One of the earliest observations in molecular biology was that the order of genes on the chromosome of E. coli is not random: while studying the lac system, Jacob and Monod noted that all of the metabolic genes E. coli needs to eat the sugar lactose are grouped together on the chromosome and are expressed and regulated as a single unit, called an operon. Even more intriguing, the lacI gene that encodes the transcription factor protein Lac Repressor (LacI) that regulates the expression of the metabolic lac genes is located immediately adjacent to the target to which it binds in order to do its job. More recent bioinformatic surveys of the organization of the transcriptional regulatory network of E. coli show that this level of organization is true in general: for at least some classes of regulatory transcription factor proteins (TFs), the genes that encode the TF proteins are found far more frequently near their binding targets than would be expected from a random distribution.

Figure 1: Non-random organization of genes on the E. coli chromosome. (A) The lac operon. The metabolic lac genes (lacZ, lacY, and lacA; blue) required for the cell to eat the sugar lactose are regulated by the product of the lacI gene (green), the Lac Repressor.

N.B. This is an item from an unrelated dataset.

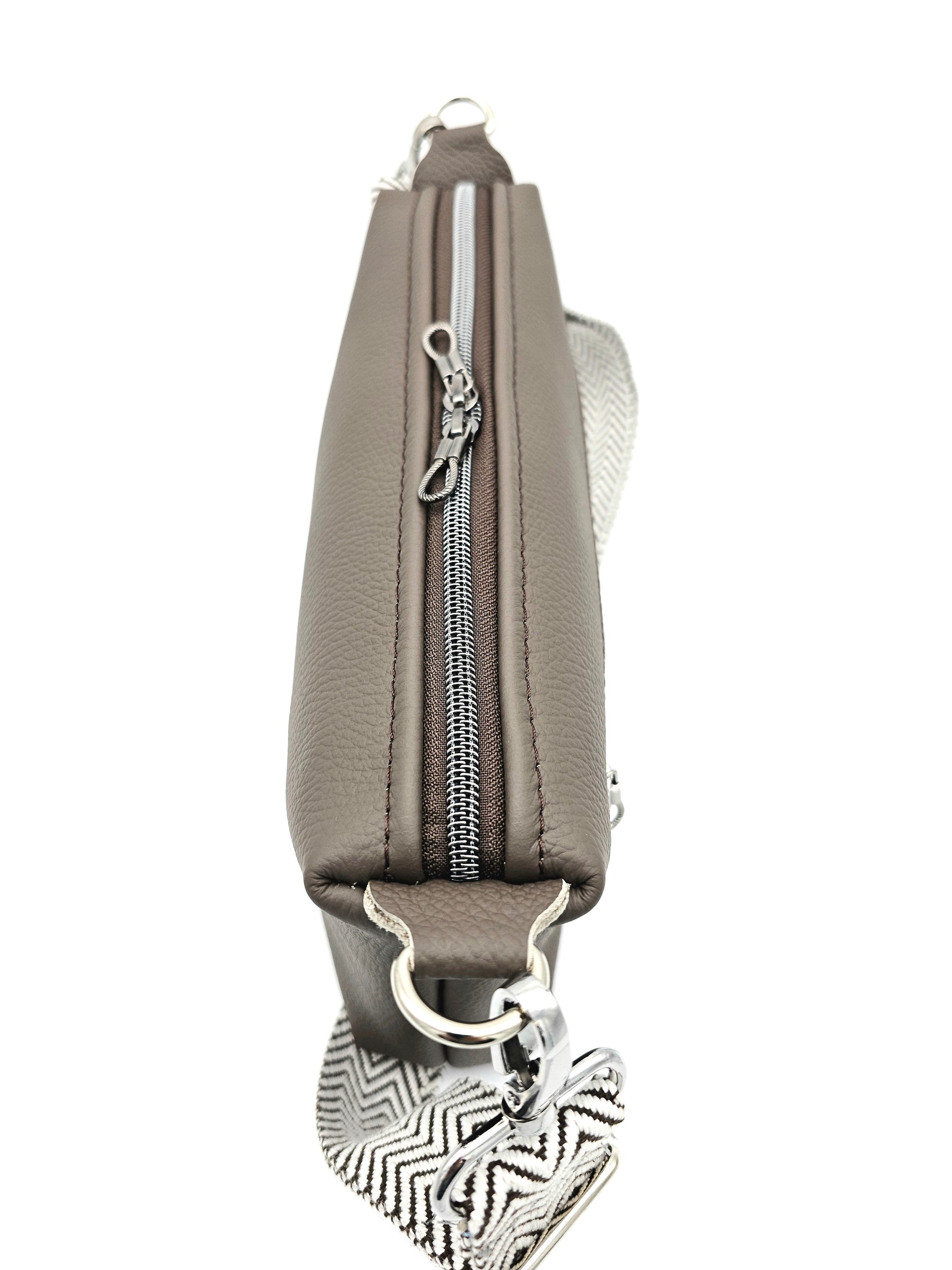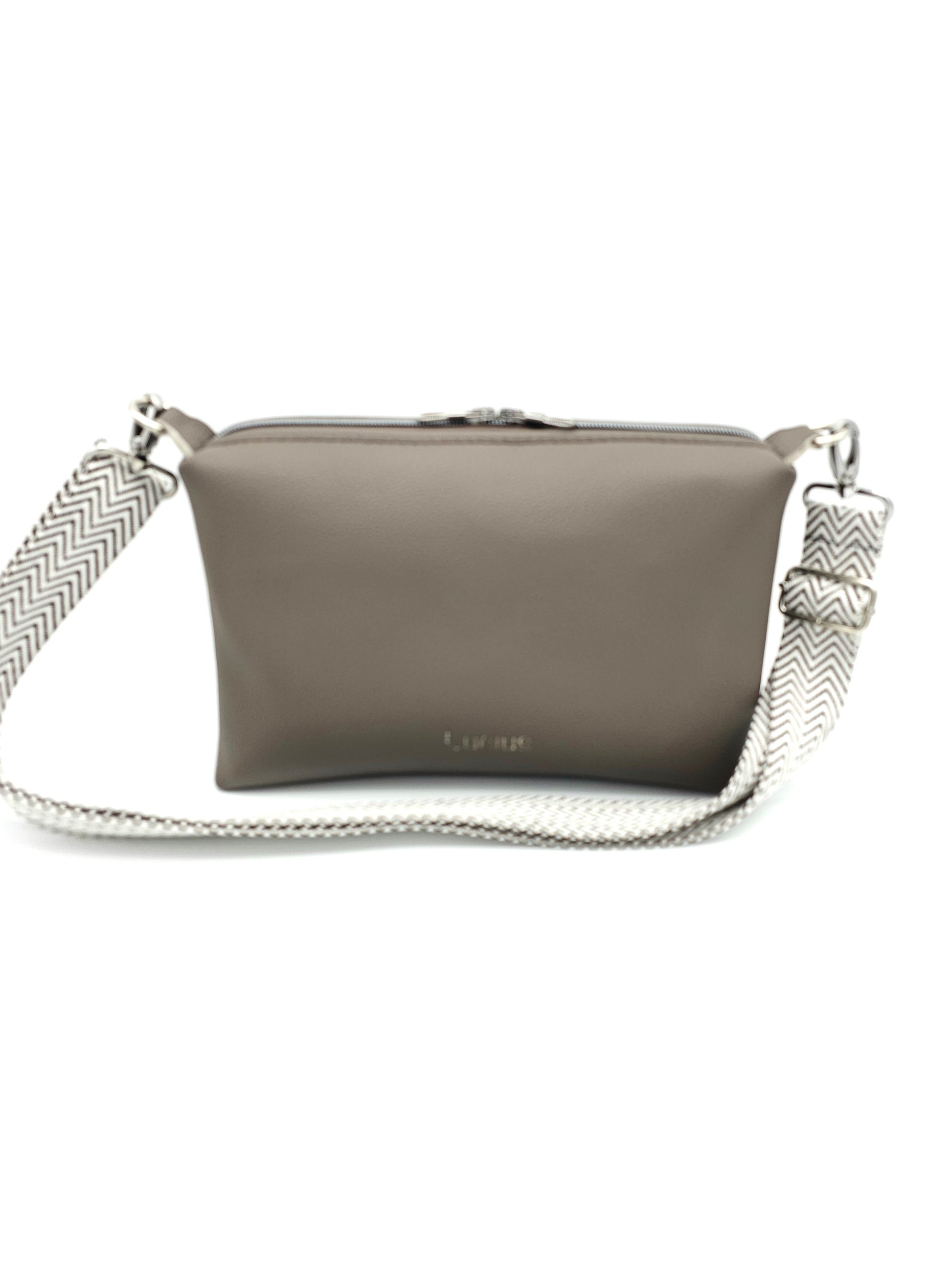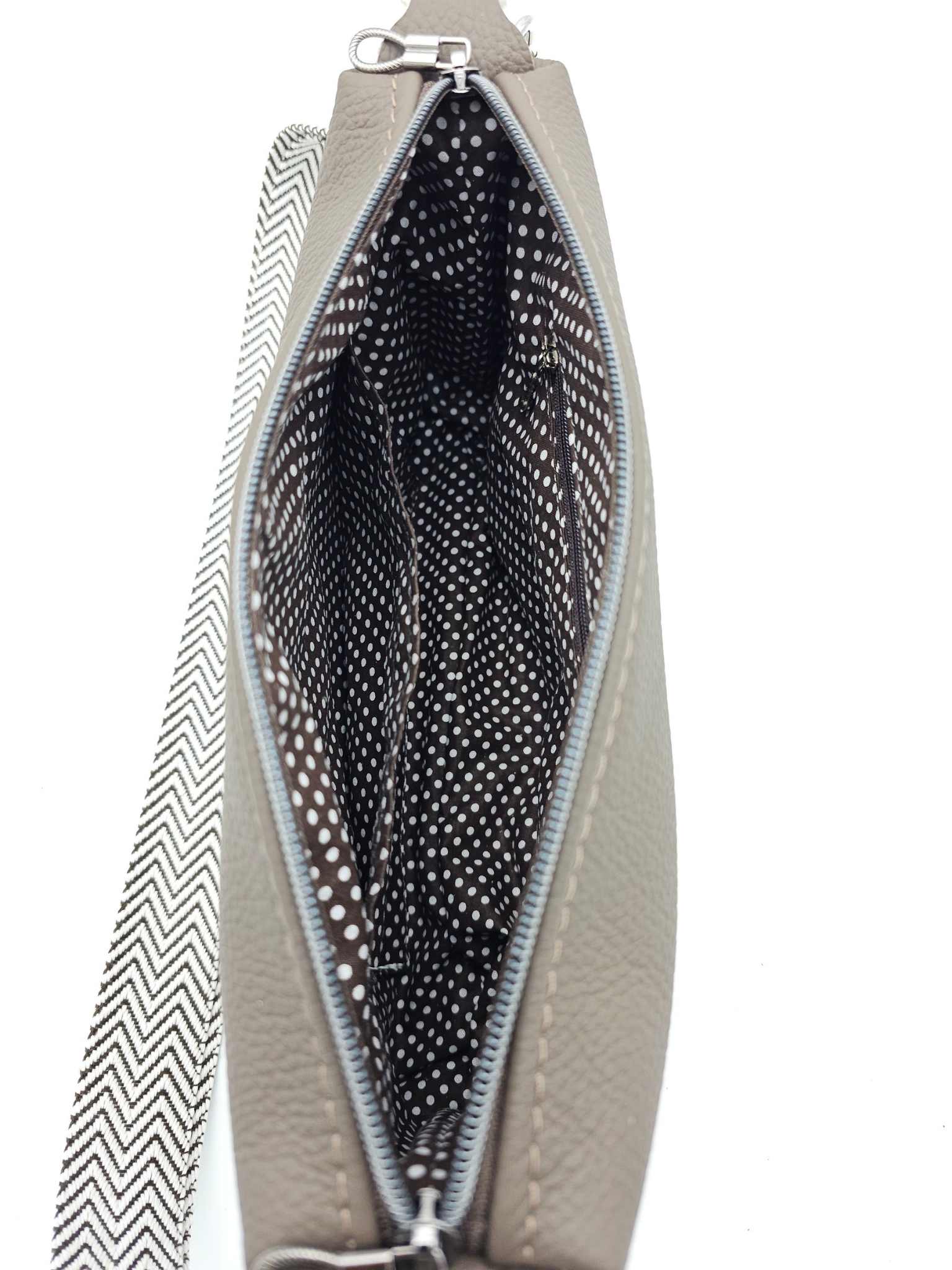 Die klare rechteckige Form ist praktisch und modern. Ein sicherer Reißverschluss oben, eine zusätzliche  Reißverschlusstasche auf der Rückseite, sowie ein hochwertiges Innenfutter aus Baumwolle sorgen für Funktionalität und Langlebigkeit. Innen findest du ein Reißverschlussfach und ein Steckfach. Ideal für Ordnung unterwegs. Der abnehmbare, verstellbare Textilgurt ermöglicht verschiedene Tragevarianten.

The lacI gene is immediately adjacent to the metabolic lac genes on the chromosome! (B) Figure 2 from Warren PB, and ten Wolde PR (2004), J Mol Biol, showing the level of organization of genes on the circular E. coli chromosome (left) compared to a chromosome with the same network connectivity, but where the location of the genes is determined at random (right). Each loop corresponds to a pair of regulator/target genes, such as the lacI/lacZYA pair, and the color indicates the genetic distance between the regulator and target genes, s: blue is s < 10 kbp, green is 10 kbp < s < 500 kbp, and yellow is s > 500 kbp. Note that there are many more blue loops in the E. coli chromosome than the random chromosome!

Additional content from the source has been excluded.